Кростуатару сделал паузу перед тем, как сказать самое главное.
–Проблема заключается в том, что любые генетические эксперименты имеют своим пределом генетическую матрицу планеты…Кроманьонцы – это венец эволюции».
– Что он хотел этим сказать? – спросил Митя, просыпаясь. – Что мы все недоделы?..и такими останемся?..
Увидев вокруг снег, спросонья пришел в негодование и в возмущении принялся «выгребать» из снежной могилы. Это было не просто. Верхний слой снега уже смерзся и стал непробиваемым. Так что по пути на поверхность вспомнились и мама с папой, и бабушкина быль о происхождении фамилии Каменный, и исповедь шамана Виктор[3 - Шаман Виктор – практиковавший в ХХв. глухой на оба уха сибирский шаман], о котором оператор дронов не раз слышал от своей жены Иниры.

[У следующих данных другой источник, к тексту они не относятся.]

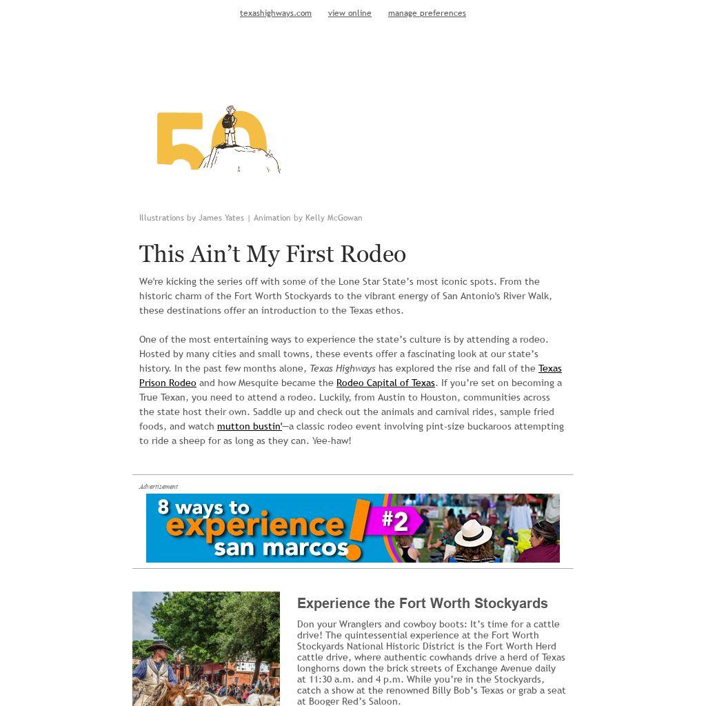 You are receiving this message from Texas Highways magazine because you requested it or because you have contacted Texas Highways magazine and provided your email address. To ensure our message always reaches your inbox, please add us to your address book.

Этот известный и сильный магическими возможностями шаман, отходя в мир иной, заклинал племя эвенков никогда не преступать трех заповедей, соблюдение которых спасет «детей Сибири». Те, забывая об инстинкте самосохранения, продолжали выживать в Сибири иногда очень высокой ценой. Сам Виктор в полной мере относился к ним: он был инвалид –и он был шаманом.
Первая заповедь повелевала всегда и везде, при всех лунах и расстояниях от своего чума идти на помощь сАмому ближнему своему, и только потом – остальным. «За-ради ближнего не пожалей двух дальних или мизинца своего».
Вторая заповедь Сибири гласила: «Когда кончатся дальние или мизинцы ног, переходи к рукам».
Третья заповедь касалась неукоснительного соблюдения первых двух, пока не будет разрушен некий Нижний Мир…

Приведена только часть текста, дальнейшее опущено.